When dinosaurs walked the earth

I feel a little sorry for Julia Gillard. Sure, that might seem generous towards someone who's shown enormous ruthlessness in recent weeks even by Labor's lofty standards, but part of me can't help but think she's on a pretty rough wicket. Ever since she became leader, her attempt to define and differentiate herself have been consistently undermined by blasts from the past – and literally blasts, in most cases. The campaign where our first female PM had hoped to define herself has turned into Australian politics' biggest ever reunion tour.

Gillard arrived in the job urgently needing to smooth over the leadership tensions, with most of Queensland in high dudgeon. The last thing she needed was Bob and Blanche's publicity machine to go into overdrive, with a fresh biography and a docu-drama recreating Labor's last Prime Ministerial assassination. It must have been hard to find nice things to say when she launched the book – perhaps she borrowed some of Blanche's?

Immediately afterwards came a predictably furious response from Paul Keating, which while amusing, achieved very little – the two leaders' achievements will forever be as closely linked as The Captain and Tenille's.

Now, John Howard has power-walked back onto the front page, appearing alongside his onetime protegé to revenge himself on Rudd and Gillard. And of course, he wasn't to be deterred from the now-customary Coalition swipe about her personal life, saying that Tony Abbott and his wife Margie would be ''a family effort and a family team''. After 2007, the Coalition desperately wanted to put Howard behind them, but Tony Abbott never did. And now he's calculating that nostalgia for the former Government will win him votes.

Howard's main theme the other night was that Gillard had been "an even bigger failure than her predecessor". Which was a pretty tough call, since she only held office for a few weeks before going into caretaker mode. Though she gave it a pretty good go with East Timor, the new PM barely had time to fail at anything.

It was yet another distraction that undermined her message, and you'd think all Julia Gillard needs now is for Fraser and Whitlam to emerge and re-contest the Dismissal.

But of course the former PM who has posed the biggest problem for Gillard has been Kevin Rudd. And I was amused that Wednesday night's appearance on Late Night Live was seen as a return to the fray, because it's not like he ever went away.
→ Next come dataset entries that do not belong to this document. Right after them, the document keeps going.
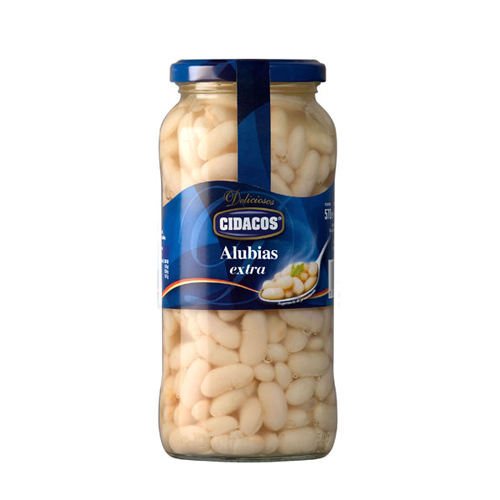 Alubias extra. Ingrédients : Alubias, agua y sal. Antioxidantes: E-385 y E-223 (_sulfito_). Quantité : 570 g neto, 400 g escurrido, 580 ml Marque :...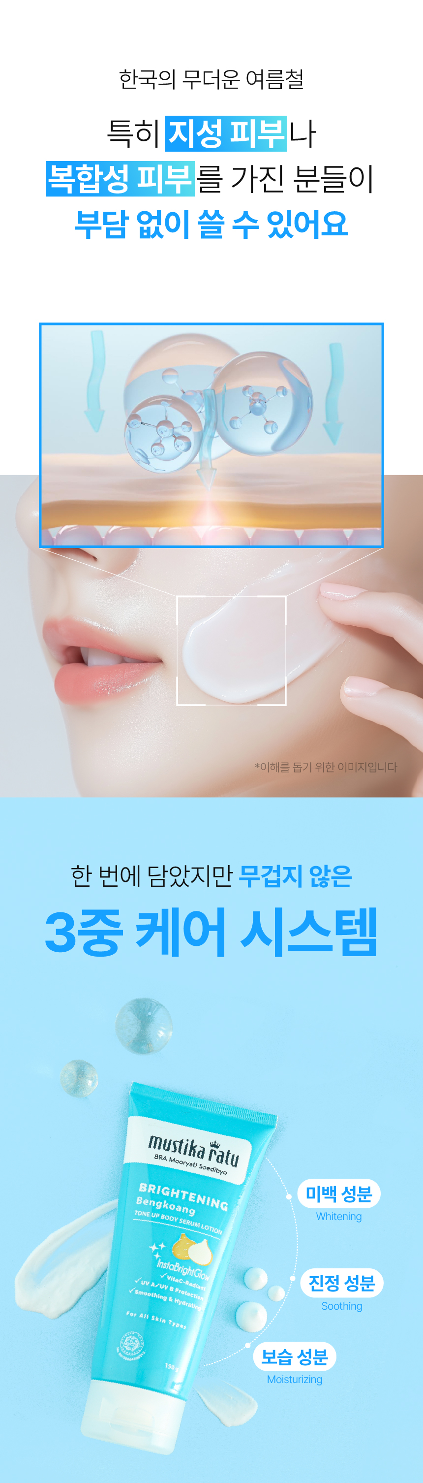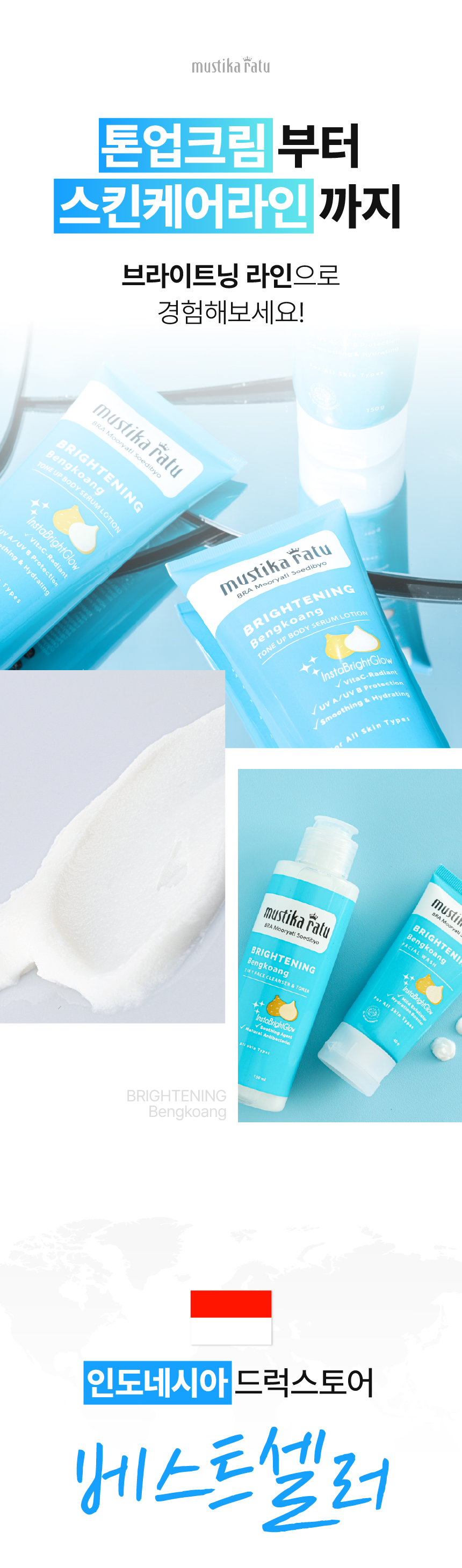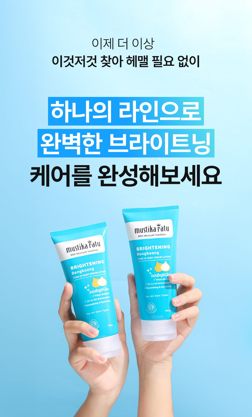 현지에서 가장 사랑받는 미백 케어 라인인 ‘Brightening Bengkoang 시리즈’는 피부에 순한 뱅코앙 추출물을 담아 맑고 투명한 피부 톤을 도와주는 자연주의 제품입니다.
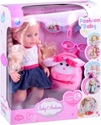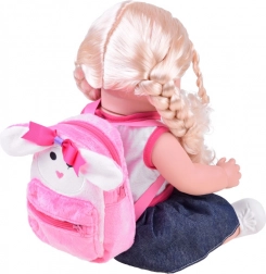 Součástí výbavy jsou stylové růžové brýle a měkký plyšový batůžek s roztomilými oušky králíčka, do kterého si malí rodiče mohou ukládat drobnosti. Pohyblivé končetiny zajišťují přirozené polohování při hraní – ať už se jde na procházku, čte knížka, nebo se sledují pohádky.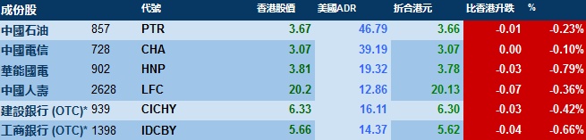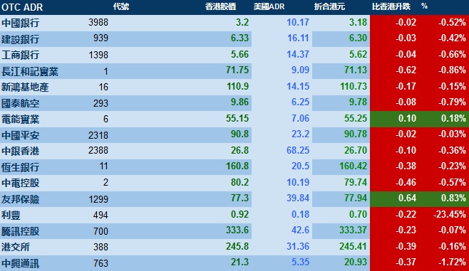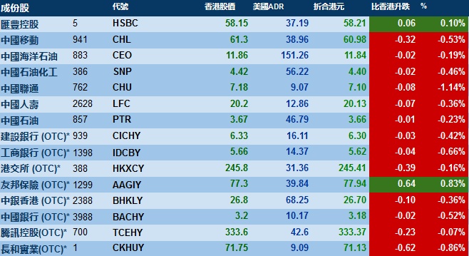 智通财经APP获悉,美股三大指数小幅上涨,港股ADR指数微跌,按比例计算,收报26574点,跌21.35点或0.08%。大型蓝筹普跌,汇丰控股收报58.21元,较港收市升0.06元;腾讯控股收报333.37元,较港收市跌0.23元。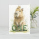 This sweet first birthday invitation features a watercolor capybara holding green “ONE” letters, painted in a soft woodland style. The back includes matching watercolor details with space for your party information. A gentle and charming design for nature-inspired celebrations.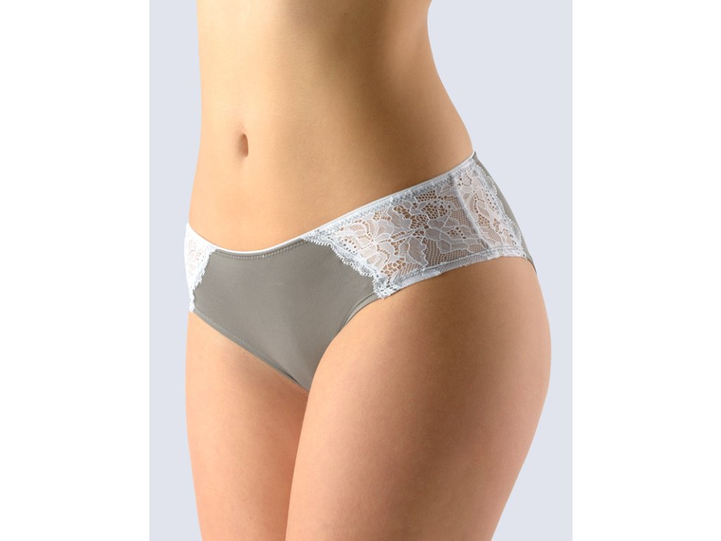 Bokové kalhotky francouzského střihu se širokým bokem, dámské šité prádlo. V pasovém kraji je našitá pruženka s ozdobným krajem. Nohavičky jsou začištěné podehnutím. Kalhotky jsou zdobené krajovými vsadkami na bocích. Kalhotky jsou jednobarevné.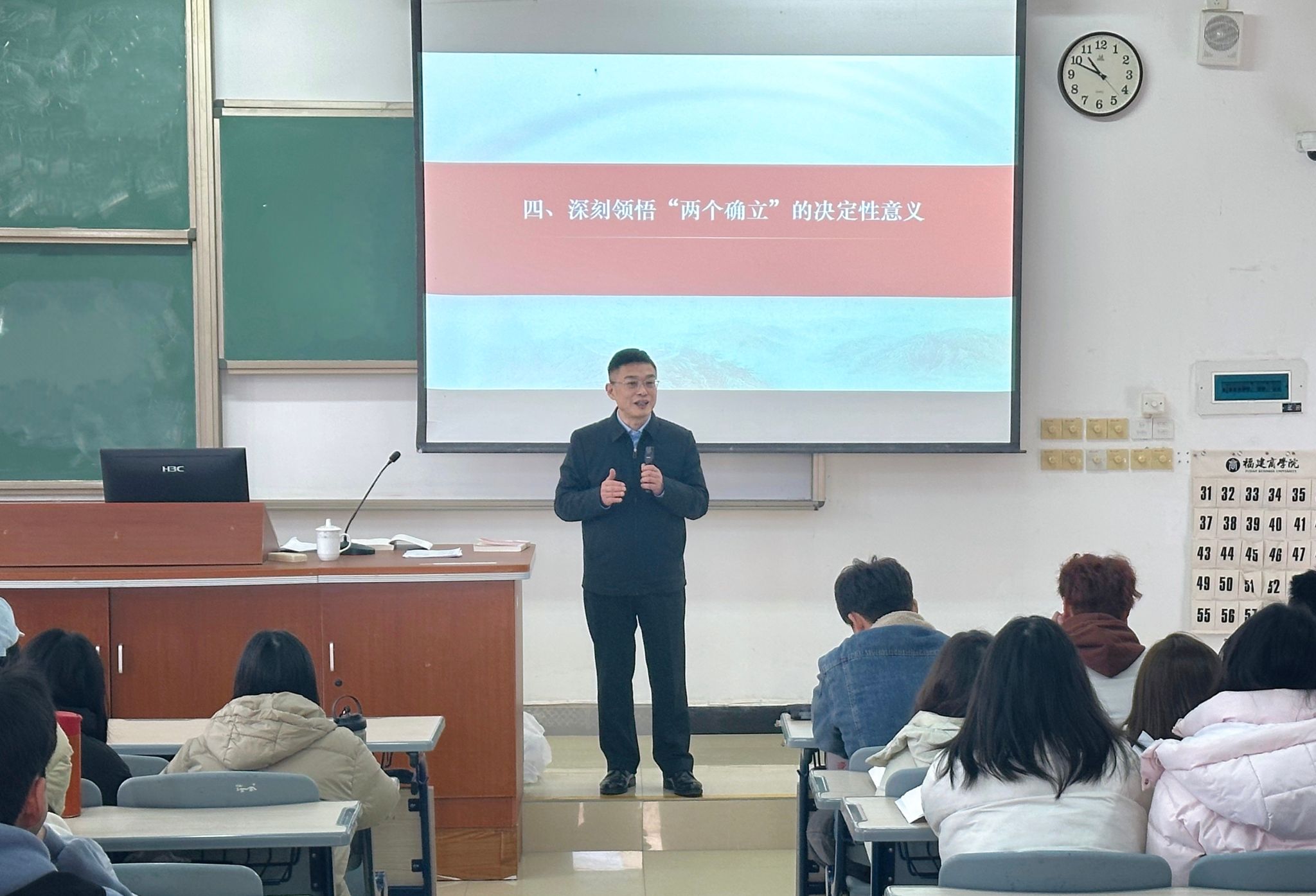 在《习近平新时代中国特色社会主义思想概论》课上,吴访益重点围绕“马克思主义中国化时代化新的飞跃”,运用启发式教学,带领同学们主动思考、积极发言,深入浅出地讲解了习近平新时代中国特色社会主义思想创立的时代背景、主要内容、历史地位和指导意义等内容,引导同学们进一步全面学习领会习近平新时代中国特色社会主义思想,进一步全面准确把握习近平新时代中国特色社会主义思想的世界观、方法论,牢牢把握“六个必须坚持”,引导同学们从中汲取踔厉奋发、勇毅前行的精神动力,坚定历史自信、锤炼斗争本领,提高分析问题、解决问题的能力,引导同学们不断增进对党的创新理论的政治认同、思想认同、理论认同、情感认同。

Some leaders who'd been dumped might have taken a lengthy break to lick their wounds, and the party must have been hoping he'd retire at this election. But Rudd not only immediately announced he was staying but, ever the workaholic, proceeded to hold a series of headline-grabbing meetings with the likes of Ban-Ki Moon and Hillary Clinton. Which was a pretty remarkable achievement for the Member for Griffith – it's not every day the United States conducts bilateral relations with the Brisbane suburbs.

Rudd even attended Gillard's first Question Time as PM, sitting with agonizing stoicism on the back bench. All of which goes to show that the metaphor commonly used about leadership changes is far from appropriate in this circumstance. After you stab somebody in the back, they're not supposed to keep walking around, let alone take away your media spotlight. It's as though instead of dying in Macbeth, Banquo had hit the lecture circuit.

And now Rudd is returning to save Gillard's campaign, full of grace and Christian forgiveness. His interview with Adams was wonderfully candid – he spoke plainly and directly, and didn't use the long words and bureaucratic jargon that had become the trademark of "Kevin PM". For once, his programmatic specificity lacked detail.

Not only did Rudd seem classy and forgiving, but he took up his sword against Tony Abbott. Expect more of the same. Rudd has always been brilliant at soft media, having risen to the leadership on the back of Sunrise. In his Rove days, the ex-PM seemed like the nation's daggy-but--smart mate, the swot who scored for the cricket team, who expressed their gratitude by adopting him as their unlikely mascot.

From now, one thing is clear – Rudd's gift for snatching the spotlight will be used against Abbott, not Gillard. The idea of them campaigning together in Brisbane on Sunday is a very clever one – it will inevitably pull coverage away from the Liberal campaign launch, and frustrate Abbott's cheeky attempt to stick up for the former Prime Minister for whose scalp he can take the lion's share of the credit.

Rudd's re-emergence as saviour will probably also stop the leaks if, as seems almost certain, the source is a loyalist. They won't want to stop their man's heroic rescue mission. And if he can pull it off, even the "machine men" who dumped him will be begrudgingly grateful.

If Rudd's time in the wilderness has rendered him of a holy man instead of a holier-than-thou man, then both he and Labor will benefit in the long term. And who knows – if he sticks around long enough and Labor's fortunes suffer the inevitable cyclical decline, the party may once again turn to the leader who set all those popularity records.

In the meantime, I have no doubt that the St Kevin 10 t-shirts are already on order, and if he can win back Queensland for her, even Julia Gillard will happily wear one.